Here are a list of books to encourage phonological awareness.
  • Jesse Bear, What Will you Wear? By Nancy White Carlstro
  • Silly Sally By Audrey Wood
  • Is Your Mamma a Llama? By Deborah Guarino
  • Polar Bear, Polar Bear, What Do you Hear? By Bill Martin, Jr.
  • Time for Bed By Mem Fox
  • Chicka Chicka Boom Boom By Bill Martin, Jr.
  • Sheep in a Jeep By Nancy E. Shaw
  • In The Tall, Tall Grass By Denise Fleming
  • Miss Mary Mack By Mary Ann Hoberanand Nadine Bernard Westcott
  • Good Night Moon By Margaret Wise Brown
Fun Games to Promote Phonological / Phonemic Awareness
  • Rhyming Games: Research shows that students benefit from direct instruction on rhyme recognition paired with fun activities that target this skill. Spice up memory and bingo by playing rhyming memory or rhyming bingo.

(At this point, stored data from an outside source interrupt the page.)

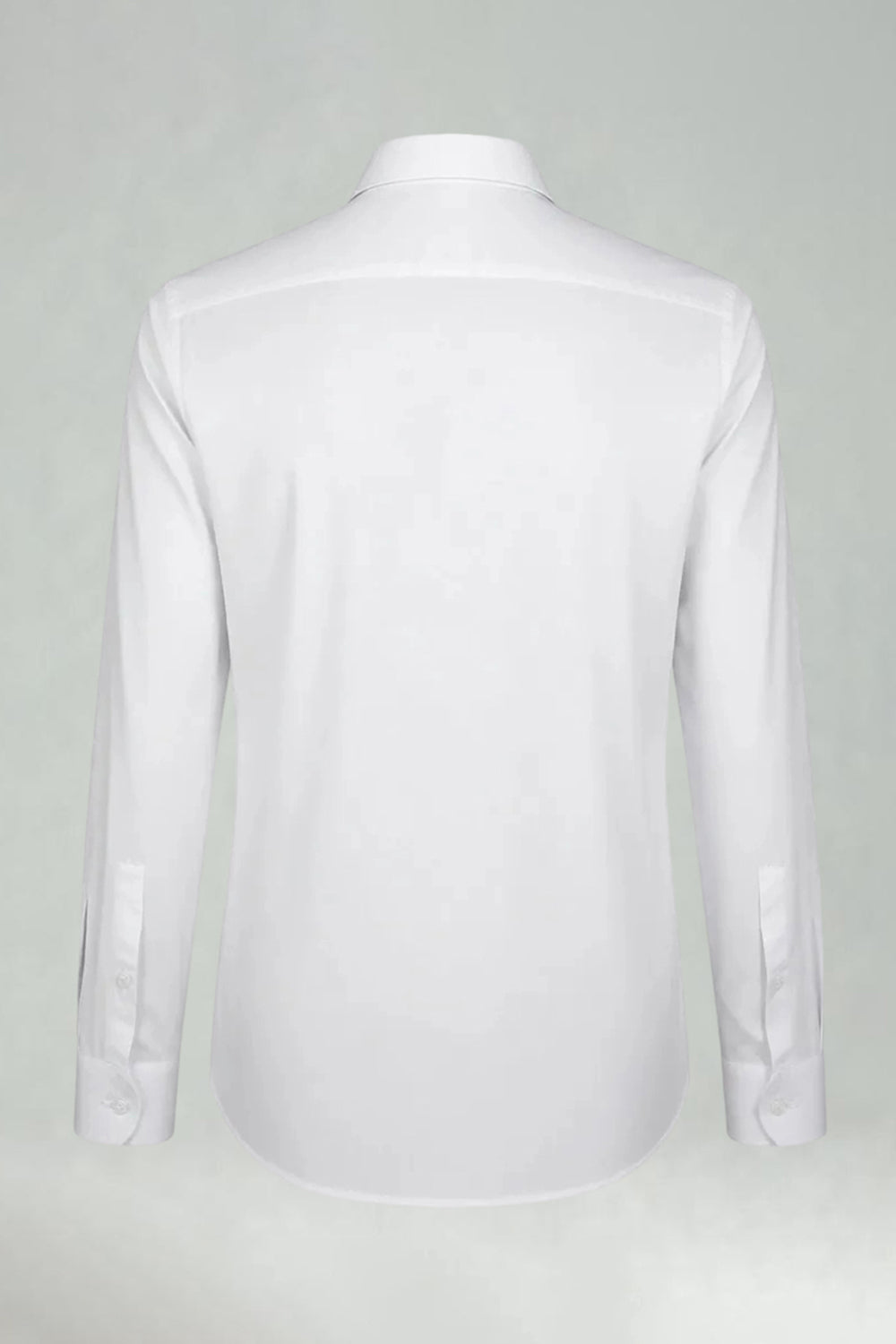 White Solid Long Sleeves Slim Fit Men's Suits Shirt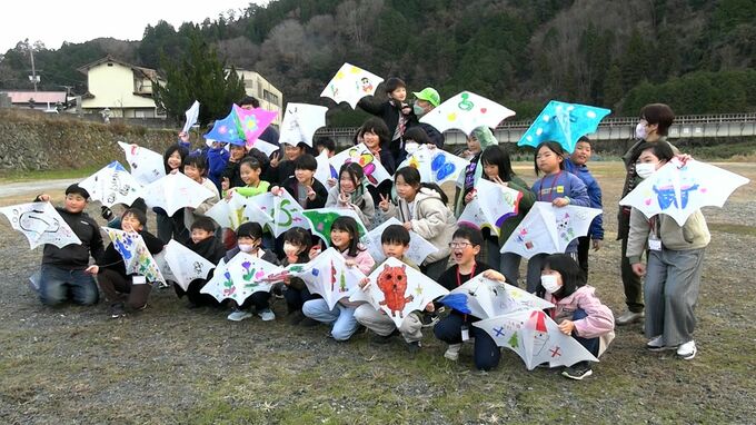 もうすぐ正月。岡山県真庭市で地元の小学生たちが凧揚げを楽しみました。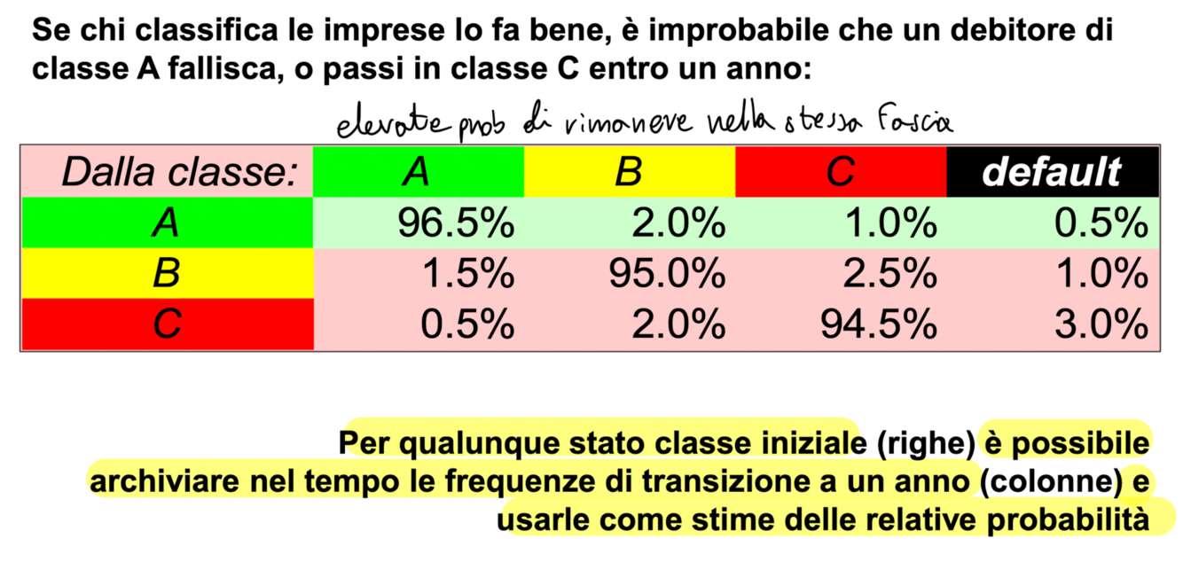 Se chi classifica le imprese lo fa bene, è improbabile che un debitore di classe A fallisca, o passi in classe C entro un anno

  • The Listening Game: The ability to listen closely is a key ingredient of phonemic awareness. Create a quiet environment and talk about the sounds you and your child hear. The key phrase is, “Who can spot a sound with their ears?”
  • Bippity Boppity Bumble Bee:  Working with and noticing syllables within words is important, because it increases your child’s awareness of how words can be split up into smaller parts, according to their sounds. The  ultimate goal is to work on individual phonemes (vowels or consonants), but children must first learn the concept of “parts of words.” Get your child clapping out names. As they get used to the game, you can start using other words with more syllables. Start the game by saying “Bippity Boppity Bumble Bee, Will You Say Your Name For Me?”
  • In My Box: Fill a box with rhyming objects or pictures such as  box/socks, cat/hat, or chair/bear.  Have your child hold the box and choose an item. If the item is a cat, say “In my box, there’s a cat”. Have your child then come up with the appropriate  rhyming word pair.